Keyphrases: ASIP, high-level synthesis, Instruction Set Selection Problem (ISSP), integer programming problem, branch-and-bound method.

#### 1. Introduction

Due to the advance of VLSI technologies, it is now possible to design a very large scale ASIP (Application Specific Integrated Processor). Throughout this paper, we define the term "ASIP" as an application specific microprocessor which contains a CPU core, memory, and peripheral circuits. ASIPs can be very effective when applied to specific applications such as digital signal processing, servo motor control, etc. [SaKi90].

High-level synthesis will be one of the most effective methods to design ASIPs, as mentioned in the reference [RaWa91]. However, there are still some features to be enhanced to design a large scale ASIP. One is to assist the designs of instruction set architecture and CPU core architecture. And the other is to assist the realization of application program development environment, such as compiler and simulator [SaIm91].

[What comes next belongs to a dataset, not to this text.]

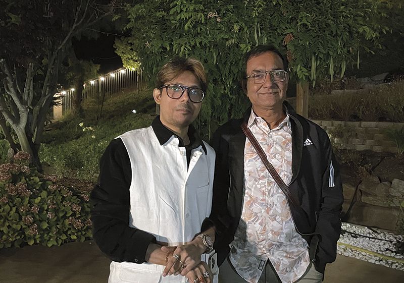 Versatile singer Sagnik Sen seen here with a fellow musician, after their performance of a melodious evening of songs from the legendary Hemant Kumar. Sen was visiting the Bay Area from Kolkata, India. The event held at the residence of Sudha and attorney Mahesh Bajoria, in Fremont, Calif., delighted guests to a soulful rendition of the legend, in a voice which was as close as one can imagine. Dr. Abhay Kumar Pati, a published author on Ayurveda, facilitated the event.

This paper proposes an algorithm for Instruction Set Selection Problem (ISSP) in ASIP design. This problem is to be solved in the instruction set architecture and CPU core architecture designs. First, the ISSP is formalized as an integer programming problem, which is to maximize the performance of the CPU under the constraints of chip area and power consumption. Then, a branch-and-bound algorithm to solve ISSP is described. Finally, some experimental results are illustrated. The experimental results show that the proposed algorithm is quite effective and efficient to solve the ISSP.

## 2. Previous Work

A number of high-level synthesis systems have been proposed and are being used to design VLSI chips [DeNe87], [ThDi88], [CoRo89], [Phi189], [IkTa90], [RaWa91], [SaIm91]. High-level synthesis will be one of the most effective methods to design ASIPs. While high-level synthesis is quite effective, there are still some features to be enhanced. One is to assist the designs of instruction set architecture and CPU core architecture. And the other is to assist the realization of application program development environment, such as compiler and simulator.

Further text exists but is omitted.